EasyVideoEncoder基Nvidia獨立顯卡的硬件編碼庫EasyNvEncoder
1. 接口聲明如下:
class EasyNvEncoder
{
public:
//codec: 編碼格式 0=h264, 1=h265/hevc
int InitNvEncoder(int width,int height,int fps=25, int bitrate=4096, int gop=50, int qp=28, int rcMode=/*NV_ENC_PARAMS_RC_2_PASS_QUALITY*/NV_ENC_PARAMS_RC_CONSTQP,
char* encoderPreset = "Default", int codec = 0,int nDeviceType=0, int nDeviceID=0 );
//H264獲取SPS和PPS
int GetSPSAndPPS(unsigned char*sps,long&spslen,unsigned char*pps,long&ppslen);
//H265獲取VPS,SPS和PPS
int GetH265VPSSPSAndPPS(unsigned char*vps, long&vpslen, unsigned char*sps, long&spslen, unsigned char*pps, long&ppslen);
// 編碼InputFormat我們固定爲YUV420PL(I420),可修改爲NV12, YUY2 等等在Init()時進行格式轉換, [12/18/2016 dingshuai]

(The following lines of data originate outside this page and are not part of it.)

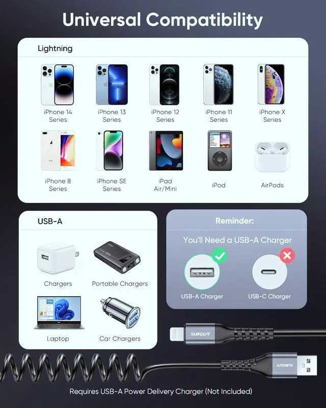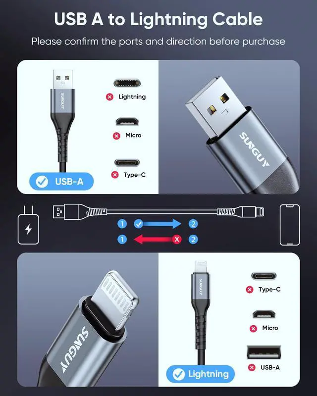 What You GetYou'll receive 2 coiled USB-A to Lightning cables, backed by a 12-month warranty. If you have any questions, feel free to contact us via Amazon Messages or reach out to SUNGUY Customer Support directly.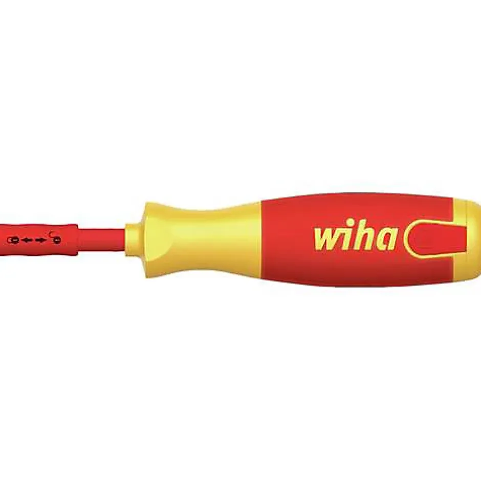 Tournevis porte‑embout Lift‑Up WIHA isolé 1000 V, équipé d’un manche ergonomique bi‑matière en élastomère et d’un magasin intégré à ouverture automatique par deux boutons poussoirs. Porte‑embout 4 mm compatible avec embouts slimVDE pour une sécurité renforcée, verrouillage par bille pour un maintien fiable. Comprend 6 embouts slim VDE de 70 mm isolés 1000 V — fente 3,0 / 4,0 / 5,5 mm, PH1 / PH2, Xeno PZ2, remplaçant l’équivalent de six tournevis isolés pour plus de légèreté et de praticité.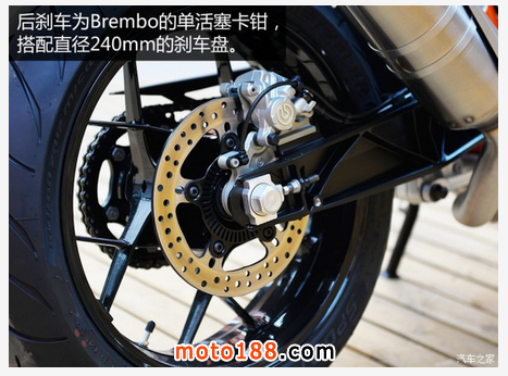 在懸架及剎車(chē)配置方面,690 Duke是這次海選中配置最高的車(chē)型。43mm的倒立式前叉(不可調(diào)),是減震器大廠WP的產(chǎn)品。前剎車(chē)雖然是直徑320mm單盤(pán)剎車(chē),但是使用了Brembo的對(duì)四剎車(chē)卡鉗,剎車(chē)盤(pán)是浮動(dòng)式設(shè)計(jì),比起200/390 Duke要來(lái)的更有誠(chéng)意,而且反應(yīng)也靈敏許多。很多人或許會(huì)質(zhì)疑排量已經(jīng)到達(dá)690ml,為什么不配置雙碟?這是因?yàn)檐?chē)重不是很重,所以單盤(pán)配置足以應(yīng)付這輛車(chē)的動(dòng)力。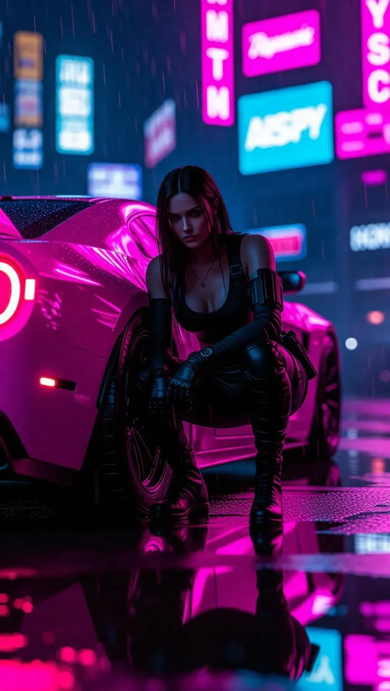 Create hyperrealistic cinematic scenes of GTA VI's Lucia in a neon-lit standoff with AI. Features rain effects, wet pavement reflections, pastel neon tones, dynamic depth of field, urban tactical fashion, and glowing digital ads. Perfect for vibrant, gritty game art using AI-powered editing tools.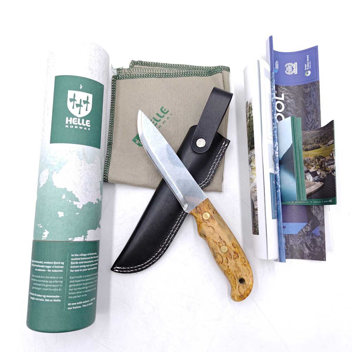 ヘレ(HELLE) は1932年創業、ノルウェーの美しい自然に囲まれた町ホルメダールで生まれたナイフブランドです。ディディガルガル、テマガミ、ユートゥベーラなど個性豊かなラインナップで、45工程を経て職人が1本1本手作業で製造。天然木材のハンドルと皮革シースの伝統的な美しさと、トリプルラミネートスチールの実用性を兼ね備えています。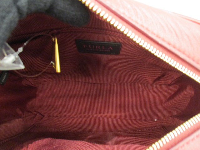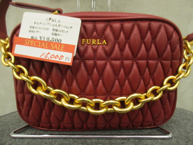USED品。キルティング加工のレザーを使用した、フルラのショルダーバッグです。くしゅくしゅのフォルムががオシャレ感をグッと引き立てます。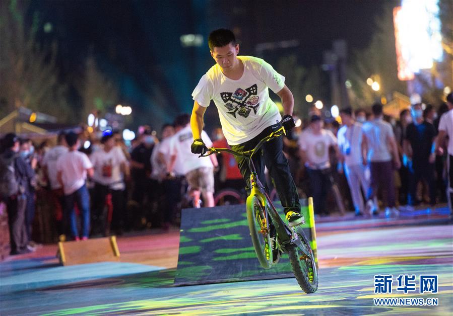 8月8日晚,自行车特技表演在望京小街商业街上演。 当日,作为北京消费季活动的一部分,北京市朝阳区的“潮朝阳”消费季活动正式重启,位于朝阳区的新兴商业街望京小街举办开街嘉年华活动。 新华社记者 陈钟昊 摄
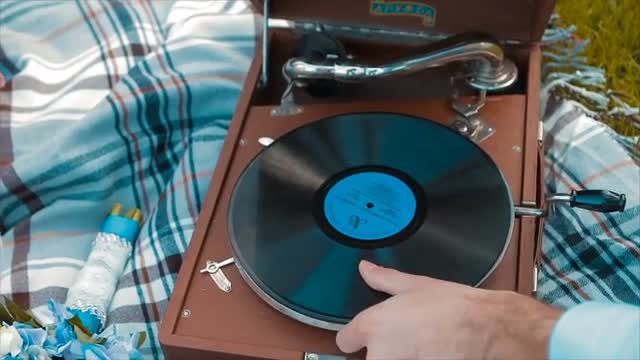 Vinyl Deck Playing, Blue Background. Men in Blue Open. he Opens the Lid and Puts the Gramophone Vinyl Record. Left of the Gramophone is a Bridal Bouquet With Blue Flowers.

unsigned char* NvEncodeSync(unsigned char* pYUV420, int inLenth, int& outLenth, bool& bKeyFrame);
//關閉編碼器,停止編碼
int CloseNvEncoder();
};
2. EasyNvEncoder編碼庫調用流程
- 第一步,初始化編碼器及其參數
//初始化編碼器參數
int InitNvEncoder(int width,int height,int fps, int bitrate, int gop,
int qp, int rcMode, char* encoderPreset , int codec, int nDeviceType, int nDeviceID)
{
//初始化設置參數 -- Start
memset(&m_encodeConfig, 0, sizeof(EncodeConfig));
m_encodeConfig.width = width;
m_encodeConfig.height = height;
m_nVArea = width*height;
m_nCheckyuvsize = m_nVArea*3/2;
//編碼器識別的碼率是bps, 但是我們輸入的是kbps, so*1024
m_encodeConfig.bitrate = bitrate*1024;
//多通道編碼優化圖像質量只有在低延遲模式下工作(LOW_LATENCY)
m_encodeConfig.rcMode = rcMode;//NV_ENC_PARAMS_RC_2_PASS_QUALITY
m_encodeConfig.encoderPreset = encoderPreset; //NV_ENC_PARAMS_RC_2_PASS_QUALITY;
//默認指定低延時模式以及圖像的壓縮格式(HQ,HP,LOSSLESS ......)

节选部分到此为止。